[Items from a dataset]
----------------
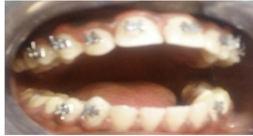
Fig 4 : Résultat intrabuccal

Le traitement a duré 2 mois durant lesquels, les élastiques ont été changés toutes les 2 semaines.
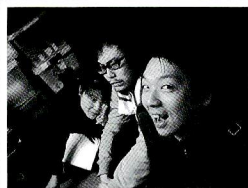
ぶっちゃけ稽古場は…たのすうい〜い！ 出演を待つ仲間たち。
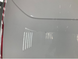
Bagaj kapağı/kapısı, Bagaj kapısı > Çizik
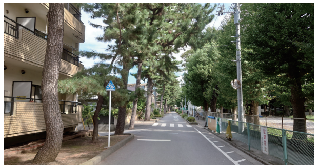
【写真】 文教通り沿いの松並木。植栽後60年以上が経過している。

後見直しに基づく同法の抜本的改正」を求める意見書について 今定例会に提出された請願の趣旨に基づき、幅広い世代の消費者被害を防止、救済するために、国に対し、次のような特定商取引法の改正を行うよう要望し、地方自治法第99条の規定により意見書を提出するものです。 1 訪問販売や電話勧誘販売について、消費者があらかじめ拒絶の意思を表明した場合には勧誘してはならない制度とすること及び事業者の登録制を導入すること。 2 SNS等のインターネットを通じてした通信販売の勧誘等につき、行政規制・クーリングオフ等を認めること、及び権利を侵害された者はSNS事業者等に対し、相手方事業者等を特定する情報の開示を請求できる制度を導入すること。 3 連鎖販売取引について、国による登録・確認等の開業規制を導入すること及び規制を強化すること。
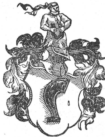
Fig. 55 Halbysen (nach Wurstysen).

Das Original des Wappenbestätigungsbriefes wurde zu Beginn des achtzehnten Jahrhunderts von Johann von Brunn mitgenommen, der nach Mainz
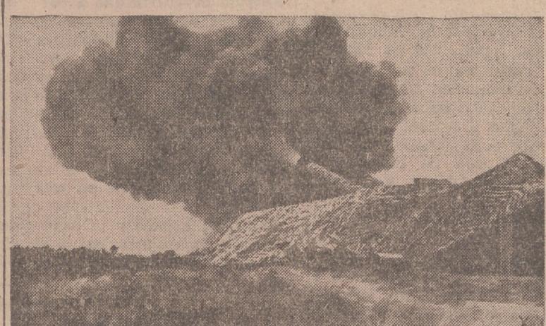
En los recientes desembarcos aliados en ningún sector fué sorprendida la defensa costera alemana, como lo demuestra la fotografía.
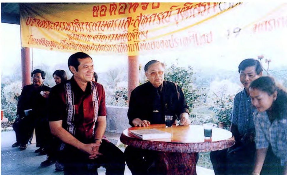
คณะกรรมการเดินทางไปศึกษาดูงานและตรวจสภาพข้อเท็จจริงเกี่ยวกับโครงการบำบัดน้ำเสียและโครงการกำจัดขยะของจังหวัดชัยนาท ณ จังหวัดชัยนาท เมื่อวันที่ ๑๙ มกราคม ๒๕๕๕
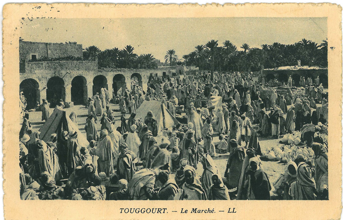
TOUGGOURT. — Le Marché. — LL
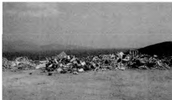
Ανεμοκάμπι. Εικόνα τριζομοική.
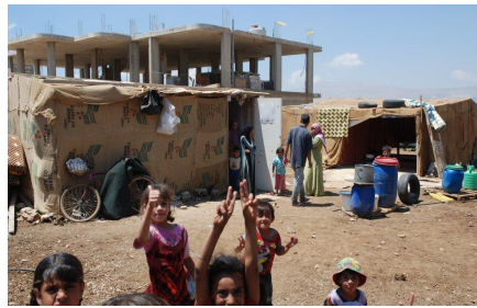
Kinder im illegalen Flüchtlingslager in Talabaya

Laut dem Flüchtlingswerk der UN gibt es offiziell bereits etwa 200.000 syrische Flüchtlinge in Libanon. Die inoffiziellen Schätzungen gehen von mehr als das Doppelte aus. Derzeit überqueren ca. 2.000-3.000 Menschen täglich die Grenze zum Nachbarland. Etwa 75% aller Flüchtlinge sind Frauen und Kinder. Viele der Flüchtlinge aus Syrien z.B. in der Bekaa-Ebene wohnen bei Angehörigen oder hausen in erbärmlichen Unterkünften und versuchen zu überleben. Im Winter wird es dort sehr kalt. Um ihr Überleben zu sichern, benötigen sie dringend warme Decken, Kleidung sowie haltbare Lebensmittel. Ebenso dringend benötigt werden Spendengelder, um den Transport dorthin per Seecontainer sicherstellen zu können.
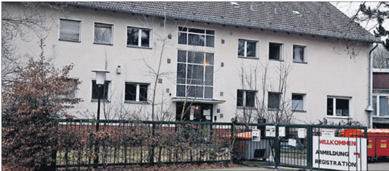
Noch wird das Collège Voltaire als Flüchtlingsunterkunft genutzt. Doch ab 1. Juni will hier die Montessorischule einziehen.
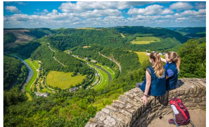
Toller Ausblick von der Burgruine Bourscheid ins Tal der Sauer.

Am Fließchen Our treffen sich Ardennen und Eifel, Luxemburg und Deutschland im „NaturWanderPark deluxe“. Teilweise grenzüberschreitende Touren führen durch beeindruckende Mittelgebirgslandschaften, vorbei an Flüssen und Seen zu mittelalterlichen Burgen und Schlössern. Im Norden des Landes
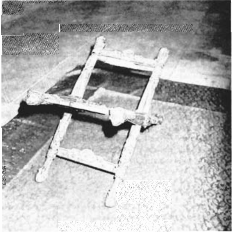
Silla de San Ramón. Destruída.
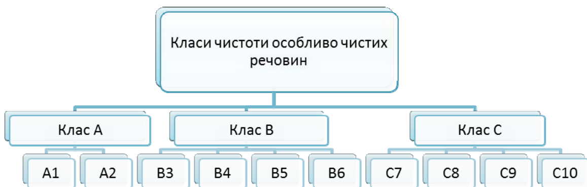
Рис. 3. Розподіл особливо чистих речовин на класи

Для більш детального оволодіння цими поняттями можна запропонувати розподіл особливо чистих речовин (рис. 3).
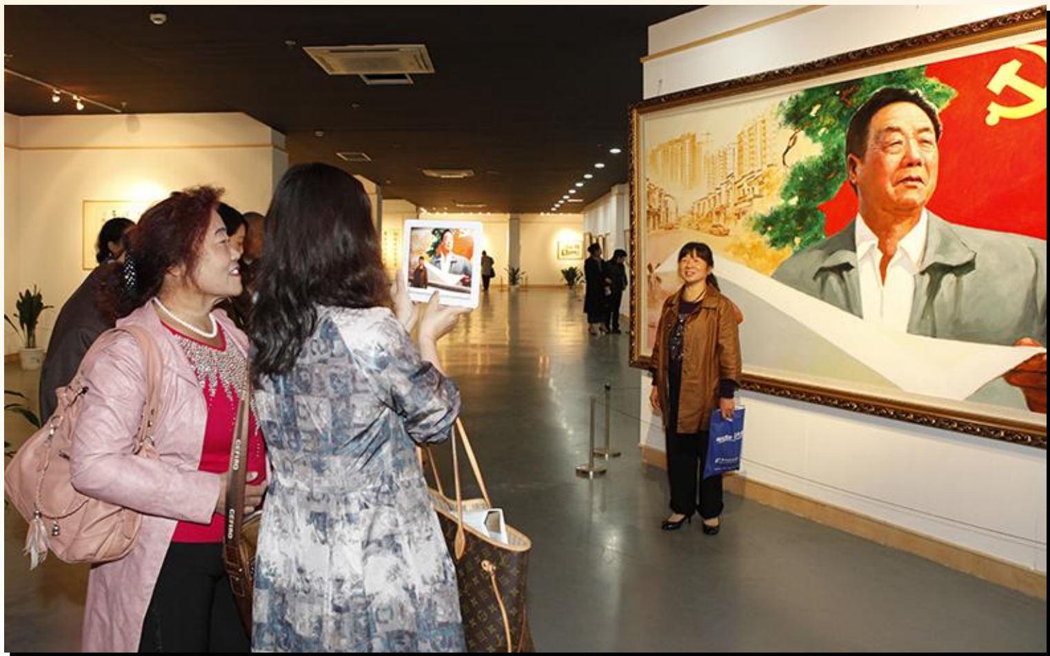
组织村民和职工前往观摩学习
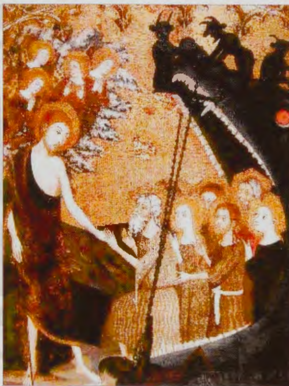
Retablo del Santo Sepulcro Bajada de Cristo a los infiernos

La tabla representa la bajada de Cristo a los infiernos, a donde accede, acompañado de un coro angélico. Cristo lleva el atuendo con que se suele representar al Resucitado. Esto expresa que la Redención se ha efectuado y sus beneficios han de difundirse por todo el orbe. De éstos no se han beneficiado aquéllos cuya muerte ha sido anterior a la de Cristo y se encuentran en el denominado Limbo de los justos, en espera de ser redimidos. La entrada del Averno está representada por la enorme boca de Leviatán, reforzada por gruesas cadenas. Unos diablillos la rodean. La entrada se abre a la llegada de Cristo y los santos irredentos acuden a
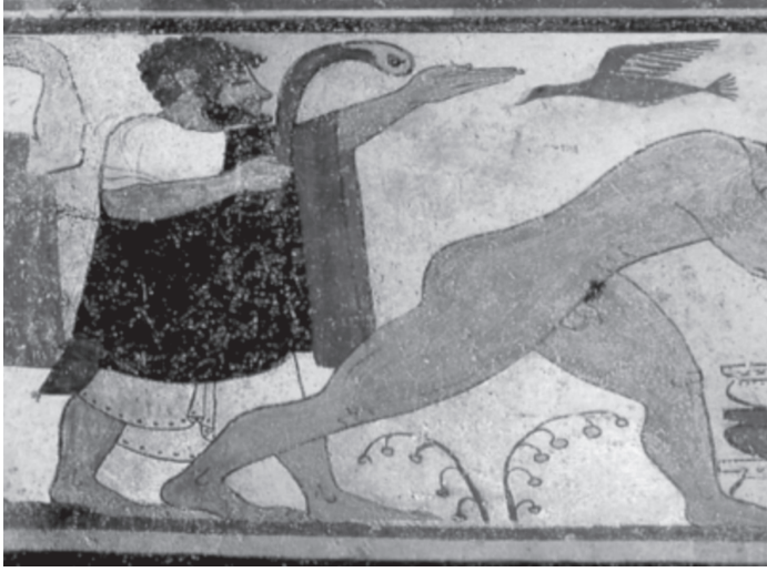
Şekil 5: Kuş Uçuşu Falı Bakıcısı Etrüsk Din Adamı (MÖ VI. yy., Tarquinii'deki Augur'lar Mezarı'nda Fresk) (Gore, 1988: 722)
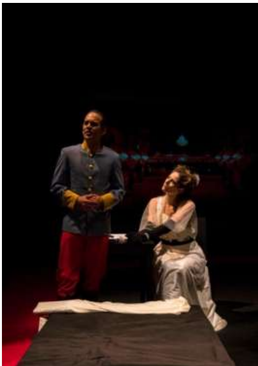
Premijerno izvođenje u Beogradu: 31. oktobar 2018. godine, Scena BITEF teatra Premijerno izvođenje u Subotici: 6. novembar 2018. godine, Pozorište Kostolanji Deže / Kosztolányi Dezső Színház
----------------
> **Exercise objective**
Output every record verbatim, excluding any picture it contains.

> **Problem solution**
Fig 4 : Résultat intrabuccal

Le traitement a duré 2 mois durant lesquels, les élastiques ont été changés toutes les 2 semaines.
ぶっちゃけ稽古場は…たのすうい〜い！ 出演を待つ仲間たち。
Bagaj kapağı/kapısı, Bagaj kapısı > Çizik
【写真】 文教通り沿いの松並木。植栽後60年以上が経過している。

後見直しに基づく同法の抜本的改正」を求める意見書について 今定例会に提出された請願の趣旨に基づき、幅広い世代の消費者被害を防止、救済するために、国に対し、次のような特定商取引法の改正を行うよう要望し、地方自治法第99条の規定により意見書を提出するものです。 1 訪問販売や電話勧誘販売について、消費者があらかじめ拒絶の意思を表明した場合には勧誘してはならない制度とすること及び事業者の登録制を導入すること。 2 SNS等のインターネットを通じてした通信販売の勧誘等につき、行政規制・クーリングオフ等を認めること、及び権利を侵害された者はSNS事業者等に対し、相手方事業者等を特定する情報の開示を請求できる制度を導入すること。 3 連鎖販売取引について、国による登録・確認等の開業規制を導入すること及び規制を強化すること。
Fig. 55 Halbysen (nach Wurstysen).

Das Original des Wappenbestätigungsbriefes wurde zu Beginn des achtzehnten Jahrhunderts von Johann von Brunn mitgenommen, der nach Mainz
En los recientes desembarcos aliados en ningún sector fué sorprendida la defensa costera alemana, como lo demuestra la fotografía.
คณะกรรมการเดินทางไปศึกษาดูงานและตรวจสภาพข้อเท็จจริงเกี่ยวกับโครงการบำบัดน้ำเสียและโครงการกำจัดขยะของจังหวัดชัยนาท ณ จังหวัดชัยนาท เมื่อวันที่ ๑๙ มกราคม ๒๕๕๕
TOUGGOURT. — Le Marché. — LL
Ανεμοκάμπι. Εικόνα τριζομοική.
Kinder im illegalen Flüchtlingslager in Talabaya

Laut dem Flüchtlingswerk der UN gibt es offiziell bereits etwa 200.000 syrische Flüchtlinge in Libanon. Die inoffiziellen Schätzungen gehen von mehr als das Doppelte aus. Derzeit überqueren ca. 2.000-3.000 Menschen täglich die Grenze zum Nachbarland. Etwa 75% aller Flüchtlinge sind Frauen und Kinder. Viele der Flüchtlinge aus Syrien z.B. in der Bekaa-Ebene wohnen bei Angehörigen oder hausen in erbärmlichen Unterkünften und versuchen zu überleben. Im Winter wird es dort sehr kalt. Um ihr Überleben zu sichern, benötigen sie dringend warme Decken, Kleidung sowie haltbare Lebensmittel. Ebenso dringend benötigt werden Spendengelder, um den Transport dorthin per Seecontainer sicherstellen zu können.
Noch wird das Collège Voltaire als Flüchtlingsunterkunft genutzt. Doch ab 1. Juni will hier die Montessorischule einziehen.
Toller Ausblick von der Burgruine Bourscheid ins Tal der Sauer.

Am Fließchen Our treffen sich Ardennen und Eifel, Luxemburg und Deutschland im „NaturWanderPark deluxe“. Teilweise grenzüberschreitende Touren führen durch beeindruckende Mittelgebirgslandschaften, vorbei an Flüssen und Seen zu mittelalterlichen Burgen und Schlössern. Im Norden des Landes
Silla de San Ramón. Destruída.
Рис. 3. Розподіл особливо чистих речовин на класи

Для більш детального оволодіння цими поняттями можна запропонувати розподіл особливо чистих речовин (рис. 3).
组织村民和职工前往观摩学习
Retablo del Santo Sepulcro Bajada de Cristo a los infiernos

La tabla representa la bajada de Cristo a los infiernos, a donde accede, acompañado de un coro angélico. Cristo lleva el atuendo con que se suele representar al Resucitado. Esto expresa que la Redención se ha efectuado y sus beneficios han de difundirse por todo el orbe. De éstos no se han beneficiado aquéllos cuya muerte ha sido anterior a la de Cristo y se encuentran en el denominado Limbo de los justos, en espera de ser redimidos. La entrada del Averno está representada por la enorme boca de Leviatán, reforzada por gruesas cadenas. Unos diablillos la rodean. La entrada se abre a la llegada de Cristo y los santos irredentos acuden a
Şekil 5: Kuş Uçuşu Falı Bakıcısı Etrüsk Din Adamı (MÖ VI. yy., Tarquinii'deki Augur'lar Mezarı'nda Fresk) (Gore, 1988: 722)
Premijerno izvođenje u Beogradu: 31. oktobar 2018. godine, Scena BITEF teatra Premijerno izvođenje u Subotici: 6. novembar 2018. godine, Pozorište Kostolanji Deže / Kosztolányi Dezső Színház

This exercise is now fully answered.